Pictures stay out of the copy. Transcribe exactly, and only, the line with "En la ventana" through the last line of the entries below.
-=-=-=-=-
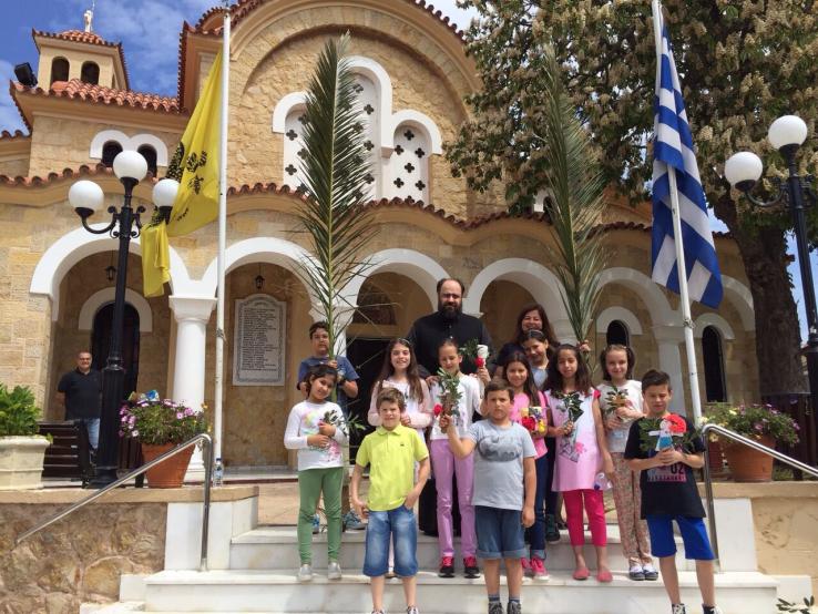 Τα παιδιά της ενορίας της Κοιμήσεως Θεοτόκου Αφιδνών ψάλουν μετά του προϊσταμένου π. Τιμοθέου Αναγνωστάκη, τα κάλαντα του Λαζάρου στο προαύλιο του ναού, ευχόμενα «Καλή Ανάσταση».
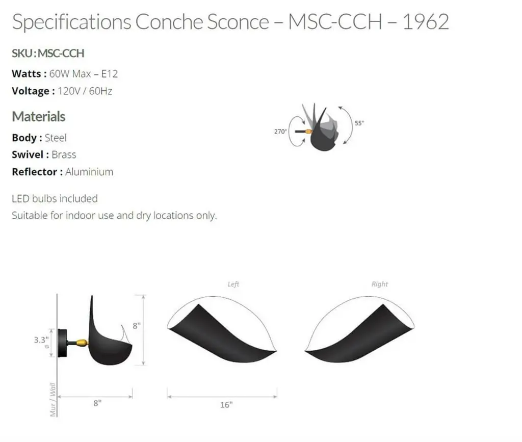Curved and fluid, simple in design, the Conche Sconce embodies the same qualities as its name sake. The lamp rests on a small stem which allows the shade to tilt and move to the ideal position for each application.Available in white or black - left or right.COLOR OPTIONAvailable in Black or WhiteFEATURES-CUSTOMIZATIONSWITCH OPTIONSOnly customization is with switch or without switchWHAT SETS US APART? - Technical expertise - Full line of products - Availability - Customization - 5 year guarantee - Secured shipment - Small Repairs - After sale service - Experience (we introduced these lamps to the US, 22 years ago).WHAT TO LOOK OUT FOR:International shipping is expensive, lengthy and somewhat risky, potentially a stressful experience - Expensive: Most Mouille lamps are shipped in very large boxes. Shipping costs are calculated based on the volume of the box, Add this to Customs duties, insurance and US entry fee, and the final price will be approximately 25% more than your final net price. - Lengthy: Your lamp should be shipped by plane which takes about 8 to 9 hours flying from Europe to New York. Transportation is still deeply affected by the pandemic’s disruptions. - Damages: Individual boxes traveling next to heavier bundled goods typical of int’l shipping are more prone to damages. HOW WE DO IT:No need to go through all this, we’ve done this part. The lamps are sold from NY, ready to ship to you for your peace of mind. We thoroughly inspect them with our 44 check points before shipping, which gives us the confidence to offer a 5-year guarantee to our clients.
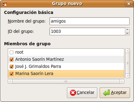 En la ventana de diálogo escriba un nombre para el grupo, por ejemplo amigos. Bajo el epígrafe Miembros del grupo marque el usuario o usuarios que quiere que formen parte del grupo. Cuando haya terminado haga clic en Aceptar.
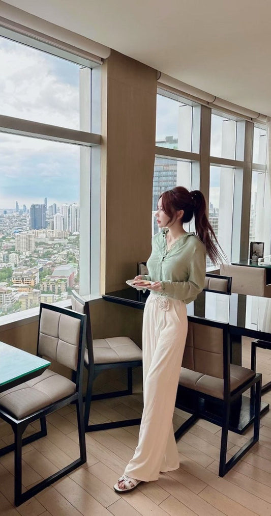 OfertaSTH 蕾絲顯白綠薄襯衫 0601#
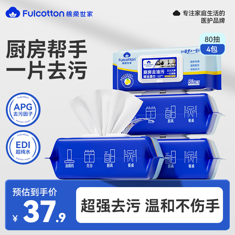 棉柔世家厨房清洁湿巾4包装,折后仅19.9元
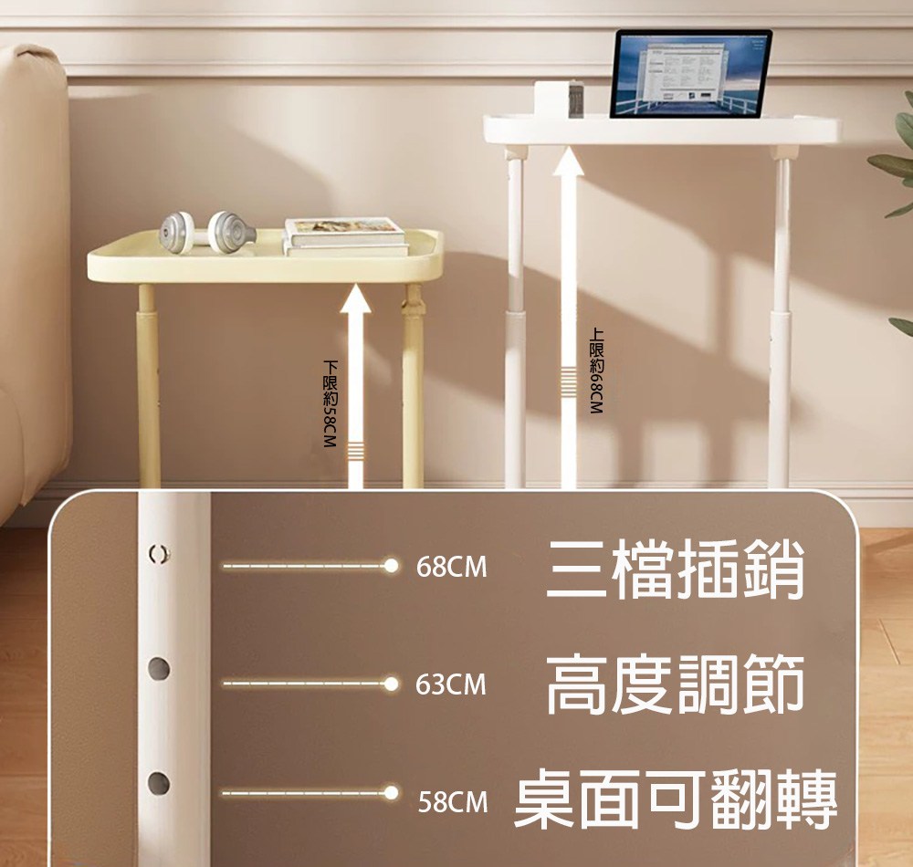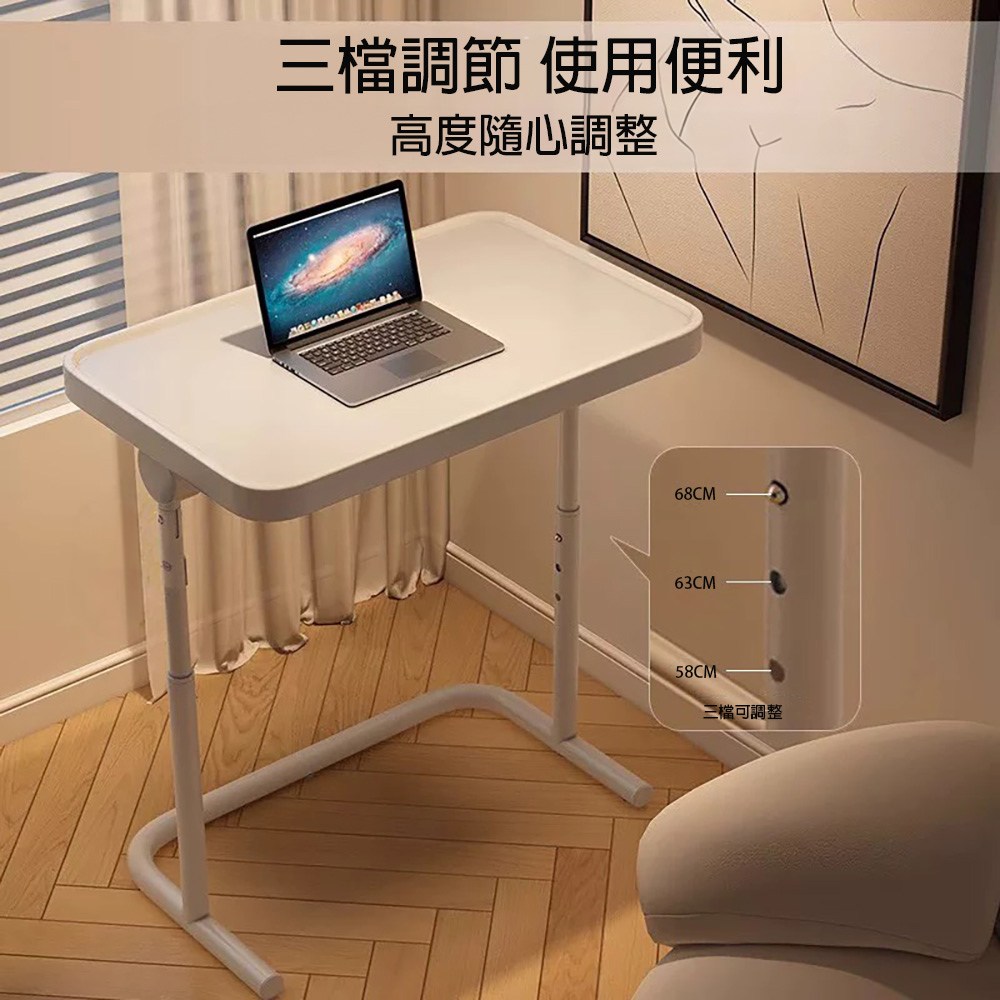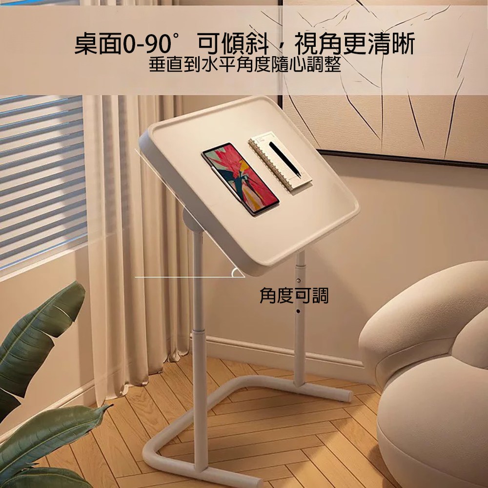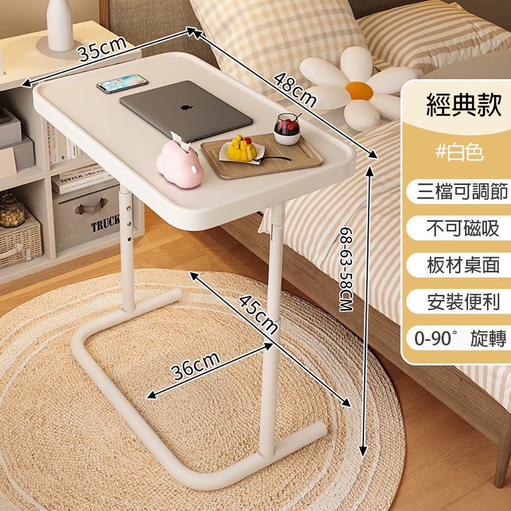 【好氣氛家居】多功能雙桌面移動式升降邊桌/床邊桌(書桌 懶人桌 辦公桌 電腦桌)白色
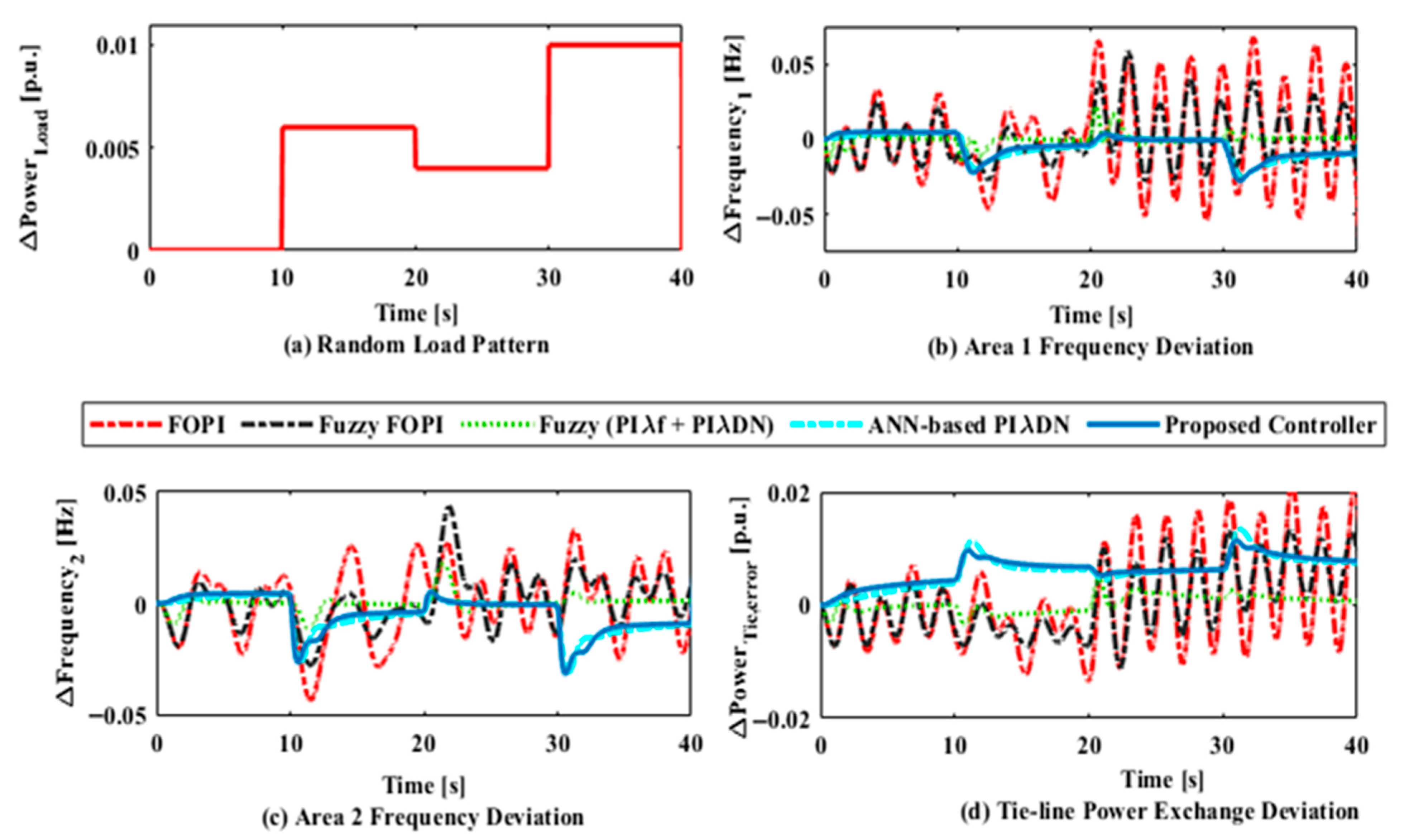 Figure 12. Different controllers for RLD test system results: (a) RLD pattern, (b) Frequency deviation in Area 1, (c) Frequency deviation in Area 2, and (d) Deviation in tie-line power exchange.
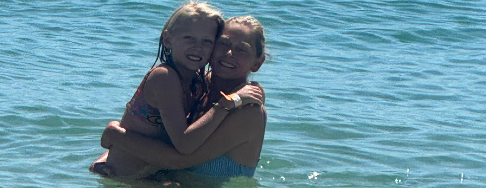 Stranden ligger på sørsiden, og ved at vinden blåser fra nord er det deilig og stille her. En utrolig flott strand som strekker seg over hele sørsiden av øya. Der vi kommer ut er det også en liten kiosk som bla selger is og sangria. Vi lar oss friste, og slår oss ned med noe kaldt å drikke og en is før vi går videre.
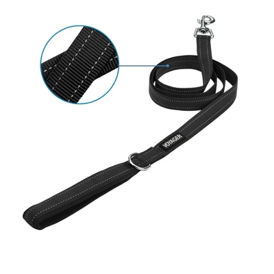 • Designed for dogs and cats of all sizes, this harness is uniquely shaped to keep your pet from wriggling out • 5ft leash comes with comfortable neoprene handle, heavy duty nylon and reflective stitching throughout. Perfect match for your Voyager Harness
-=-=-=-=-
• Final answer:
 En la ventana de diálogo escriba un nombre para el grupo, por ejemplo amigos. Bajo el epígrafe Miembros del grupo marque el usuario o usuarios que quiere que formen parte del grupo. Cuando haya terminado haga clic en Aceptar.
 OfertaSTH 蕾絲顯白綠薄襯衫 0601#
 棉柔世家厨房清洁湿巾4包装,折后仅19.9元
 【好氣氛家居】多功能雙桌面移動式升降邊桌/床邊桌(書桌 懶人桌 辦公桌 電腦桌)白色
 Figure 12. Different controllers for RLD test system results: (a) RLD pattern, (b) Frequency deviation in Area 1, (c) Frequency deviation in Area 2, and (d) Deviation in tie-line power exchange.
 Stranden ligger på sørsiden, og ved at vinden blåser fra nord er det deilig og stille her. En utrolig flott strand som strekker seg over hele sørsiden av øya. Der vi kommer ut er det også en liten kiosk som bla selger is og sangria. Vi lar oss friste, og slår oss ned med noe kaldt å drikke og en is før vi går videre.
 • Designed for dogs and cats of all sizes, this harness is uniquely shaped to keep your pet from wriggling out • 5ft leash comes with comfortable neoprene handle, heavy duty nylon and reflective stitching throughout. Perfect match for your Voyager Harness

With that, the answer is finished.